Atlanta, GA – In 1960, for the first time, the presidential
debates were televised. In a story that has since become a part of Political
Science lore, Richard Nixon, who had just gotten out of the hospital, wore a
drab suit and no makeup, looked horrible on stage pitted against the youthful,
black suit wearing John F. Kennedy. The television audience overwhelmingly said
that Kennedy walked away with the debate, while the radio audience resoundingly
felt that Nixon had come out on top.
Just to see what it would be like, in this day and age, I
didn’t watch Saturday’s GOP debate, rather I listened, in the old fashioned
way.
The first surprise was that Jeb Bush sounded like a leader.
In fact, had I just been coming to the race for the first time, I may well have
thought that he was the frontrunner who knew what he was doing and who had
massive popular support. He really sounded on his game, almost like a man who
was just a few steps from the White House, save for his rational, reasoned
rival, Ted Cruz.
On audio, Senator Cruz sounded more reasonable than normal,
like a man with a plan. He sounded well prepared, cool and in control. Cruz
sounded like he knew what he wanted and where he was going.
Donald Trump sounded absolutely unhinged. Like a screaming
maniac who nobody liked.
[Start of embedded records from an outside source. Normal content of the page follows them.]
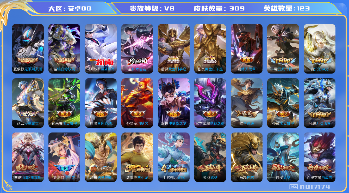[11017174]【商品标题】:安卓Q-V8-最强王者段位-123英雄-309皮肤-2典藏-0珍品无双-0无双-2珍品传说-25传说-83史诗
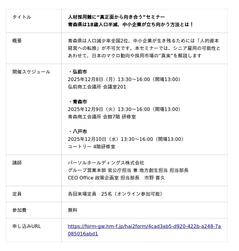 具体的には、弘前市・青森市・八戸市でシニア雇用の啓発セミナーを開催。企業のシニア雇用のお悩みを伴走支援するプログラムも開始します。また、職場体験会とバスツアーも予定しています。
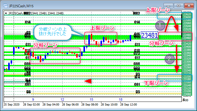 【NK225】9/28東京は、"分岐ゾーン"の下抜けでは無く、上抜け先行でした。
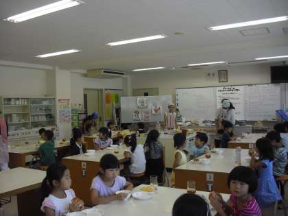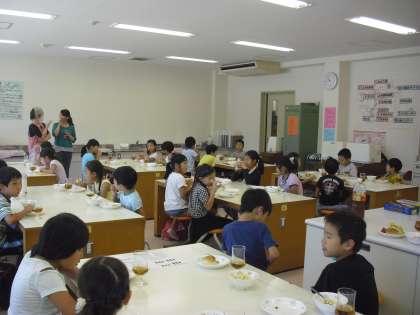 「一人で作れる朝ご飯」講座の2日目は、1・2年生が対象です。ハムサンド、ツナサンド、ミニトマト、フルーツヨーグルトを作りました。予想以上に子どもたちの手際がよく、予定した時刻より早めに試食となりました。自分で作っただけに「おいしい。」ととても満足そうでした。
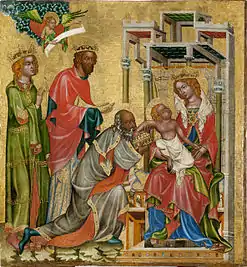 This scene repeats the analogous composition of the throne as it appears in the painting of the Annunciation and the customary model that was maintained during the 14th century, one in which kings or wise men represented three ages of man and the second king, of a virile age, sometimes takes the form of the ruling monarch. It was only from the 1360s (or, more likely, from the early 15th century, because the black king in the Emmaus monastery painting was evidently a piece of Baroque overpainting) that the kings were more frequently portrayed as representatives of the three continents known at that time. In this scene as well, Mary remains a queen seated on a throne. The motif of an old man kissing the hand of a small child, one that was rare outside France until then, is the expression of a spiritual bond with Christ and originates in the work Meditationes Vitae Christi that appeared in Bohemia during the reign of Charles IV, Holy Roman Emperor. The throne is depicted in an imperfect empirical perspective. The Virgin Mary, obscuring one of the supporting pillars of the canopy, is symbolically presented as a pillar of the Christian Church.

The candidates sounded united against this nut that
was here for ‘no one knows what’. The audience sounded like they hated him and,
again, had I just been tuning into the cycle for the first time, I would have
thought Trump was running in last, and screaming nonsense in a desperate hope
to get someone, anyone, to listen to him.
Marco Rubio sounded rattled at times, and at times in
control, almost like there were two people inside of him, fighting to be let
out. He sounded like an “also-ran,” someone who might get an honorable mention,
but besides that, he won’t make the history books.
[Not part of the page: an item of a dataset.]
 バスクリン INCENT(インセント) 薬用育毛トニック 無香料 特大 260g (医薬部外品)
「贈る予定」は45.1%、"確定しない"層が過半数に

Ben Carson didn’t sound asleep at all. He didn’t sound crazy,
he sounded pumped. He sounded like a real candidate, in fact, the good doctor
sounded almost presidential. Carson seemed to connect to the audience both live
and at home, like he was reaching right into the living room and talking to all
of us.
And John Kasich? He sounded human. No, for real. John Kasich,
for one fleeting moment of his career, sounded to me like he actually knew
something. He sounded collected, like an adult, like someone who knows some
stuff, like the kind of guy that, if he had ran thirty years ago, might be on
his way to the White House.
The moderators, like good moderators, sounded barely there.
Perhaps they should have jumped in sooner at points to make sure everyone
followed the rules, but overall, if perhaps only because John Dickerson didn’t
do half as bad as David Muir, I had no complaints.
Of course, most of the audience wasn’t listening, they were
watching the debate, and Carson still seems asleep, Kasich still seems nuts,
Jeb Bush still looks desperate, and Trump, still, somehow, looks tough. But I
did get, for just a second, a glimpse into what this race would have looked like,
had it taken place before 1960, when Kennedy set the bar so high.